• [Data records]
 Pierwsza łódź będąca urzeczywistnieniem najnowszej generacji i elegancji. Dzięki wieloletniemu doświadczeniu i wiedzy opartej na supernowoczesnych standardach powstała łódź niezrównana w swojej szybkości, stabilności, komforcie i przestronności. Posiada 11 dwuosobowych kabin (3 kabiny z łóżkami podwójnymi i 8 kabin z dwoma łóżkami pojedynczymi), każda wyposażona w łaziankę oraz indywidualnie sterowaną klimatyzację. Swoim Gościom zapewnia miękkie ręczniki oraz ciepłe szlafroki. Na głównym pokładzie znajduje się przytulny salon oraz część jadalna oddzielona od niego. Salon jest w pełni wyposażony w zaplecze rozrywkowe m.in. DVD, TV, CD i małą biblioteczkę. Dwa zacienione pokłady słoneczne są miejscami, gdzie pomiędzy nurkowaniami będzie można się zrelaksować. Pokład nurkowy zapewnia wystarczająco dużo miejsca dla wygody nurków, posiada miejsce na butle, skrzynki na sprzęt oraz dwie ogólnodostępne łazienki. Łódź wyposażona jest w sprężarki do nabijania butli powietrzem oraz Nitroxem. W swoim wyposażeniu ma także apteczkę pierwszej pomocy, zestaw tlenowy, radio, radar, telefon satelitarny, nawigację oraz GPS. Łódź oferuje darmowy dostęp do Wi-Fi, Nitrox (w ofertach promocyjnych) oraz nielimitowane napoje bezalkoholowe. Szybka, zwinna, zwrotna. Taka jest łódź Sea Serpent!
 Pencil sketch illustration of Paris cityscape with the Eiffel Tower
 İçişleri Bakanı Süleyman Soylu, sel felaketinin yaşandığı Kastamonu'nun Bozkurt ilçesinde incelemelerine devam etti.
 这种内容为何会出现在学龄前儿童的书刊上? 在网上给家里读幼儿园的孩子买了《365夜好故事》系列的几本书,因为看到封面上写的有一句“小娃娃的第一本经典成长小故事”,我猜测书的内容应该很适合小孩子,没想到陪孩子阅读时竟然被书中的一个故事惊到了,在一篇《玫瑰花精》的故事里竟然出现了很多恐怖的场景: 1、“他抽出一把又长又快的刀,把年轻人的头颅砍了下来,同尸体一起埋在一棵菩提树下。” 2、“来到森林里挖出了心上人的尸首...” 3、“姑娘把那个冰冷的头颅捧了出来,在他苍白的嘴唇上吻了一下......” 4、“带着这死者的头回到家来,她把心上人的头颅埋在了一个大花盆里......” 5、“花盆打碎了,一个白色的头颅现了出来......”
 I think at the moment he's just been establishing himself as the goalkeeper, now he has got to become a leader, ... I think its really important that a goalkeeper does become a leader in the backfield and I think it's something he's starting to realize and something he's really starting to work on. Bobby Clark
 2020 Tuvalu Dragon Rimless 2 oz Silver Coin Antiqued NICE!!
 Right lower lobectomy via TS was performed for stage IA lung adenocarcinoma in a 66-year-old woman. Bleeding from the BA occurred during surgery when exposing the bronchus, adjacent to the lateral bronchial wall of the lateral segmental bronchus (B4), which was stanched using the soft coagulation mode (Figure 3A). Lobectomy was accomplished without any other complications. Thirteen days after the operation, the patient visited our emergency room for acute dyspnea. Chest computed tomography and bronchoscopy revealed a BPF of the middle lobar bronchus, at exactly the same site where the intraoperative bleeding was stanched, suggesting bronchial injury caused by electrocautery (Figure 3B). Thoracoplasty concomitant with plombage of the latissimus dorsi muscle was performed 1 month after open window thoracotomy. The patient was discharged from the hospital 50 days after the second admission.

• [What the task asks]
Please transcribe every entry above exactly as it appears.

• [Solution]
 Pierwsza łódź będąca urzeczywistnieniem najnowszej generacji i elegancji. Dzięki wieloletniemu doświadczeniu i wiedzy opartej na supernowoczesnych standardach powstała łódź niezrównana w swojej szybkości, stabilności, komforcie i przestronności. Posiada 11 dwuosobowych kabin (3 kabiny z łóżkami podwójnymi i 8 kabin z dwoma łóżkami pojedynczymi), każda wyposażona w łaziankę oraz indywidualnie sterowaną klimatyzację. Swoim Gościom zapewnia miękkie ręczniki oraz ciepłe szlafroki. Na głównym pokładzie znajduje się przytulny salon oraz część jadalna oddzielona od niego. Salon jest w pełni wyposażony w zaplecze rozrywkowe m.in. DVD, TV, CD i małą biblioteczkę. Dwa zacienione pokłady słoneczne są miejscami, gdzie pomiędzy nurkowaniami będzie można się zrelaksować. Pokład nurkowy zapewnia wystarczająco dużo miejsca dla wygody nurków, posiada miejsce na butle, skrzynki na sprzęt oraz dwie ogólnodostępne łazienki. Łódź wyposażona jest w sprężarki do nabijania butli powietrzem oraz Nitroxem. W swoim wyposażeniu ma także apteczkę pierwszej pomocy, zestaw tlenowy, radio, radar, telefon satelitarny, nawigację oraz GPS. Łódź oferuje darmowy dostęp do Wi-Fi, Nitrox (w ofertach promocyjnych) oraz nielimitowane napoje bezalkoholowe. Szybka, zwinna, zwrotna. Taka jest łódź Sea Serpent!
 Pencil sketch illustration of Paris cityscape with the Eiffel Tower
 İçişleri Bakanı Süleyman Soylu, sel felaketinin yaşandığı Kastamonu'nun Bozkurt ilçesinde incelemelerine devam etti.
 这种内容为何会出现在学龄前儿童的书刊上? 在网上给家里读幼儿园的孩子买了《365夜好故事》系列的几本书,因为看到封面上写的有一句“小娃娃的第一本经典成长小故事”,我猜测书的内容应该很适合小孩子,没想到陪孩子阅读时竟然被书中的一个故事惊到了,在一篇《玫瑰花精》的故事里竟然出现了很多恐怖的场景: 1、“他抽出一把又长又快的刀,把年轻人的头颅砍了下来,同尸体一起埋在一棵菩提树下。” 2、“来到森林里挖出了心上人的尸首...” 3、“姑娘把那个冰冷的头颅捧了出来,在他苍白的嘴唇上吻了一下......” 4、“带着这死者的头回到家来,她把心上人的头颅埋在了一个大花盆里......” 5、“花盆打碎了,一个白色的头颅现了出来......”
 I think at the moment he's just been establishing himself as the goalkeeper, now he has got to become a leader, ... I think its really important that a goalkeeper does become a leader in the backfield and I think it's something he's starting to realize and something he's really starting to work on. Bobby Clark
 2020 Tuvalu Dragon Rimless 2 oz Silver Coin Antiqued NICE!!
 Right lower lobectomy via TS was performed for stage IA lung adenocarcinoma in a 66-year-old woman. Bleeding from the BA occurred during surgery when exposing the bronchus, adjacent to the lateral bronchial wall of the lateral segmental bronchus (B4), which was stanched using the soft coagulation mode (Figure 3A). Lobectomy was accomplished without any other complications. Thirteen days after the operation, the patient visited our emergency room for acute dyspnea. Chest computed tomography and bronchoscopy revealed a BPF of the middle lobar bronchus, at exactly the same site where the intraoperative bleeding was stanched, suggesting bronchial injury caused by electrocautery (Figure 3B). Thoracoplasty concomitant with plombage of the latissimus dorsi muscle was performed 1 month after open window thoracotomy. The patient was discharged from the hospital 50 days after the second admission.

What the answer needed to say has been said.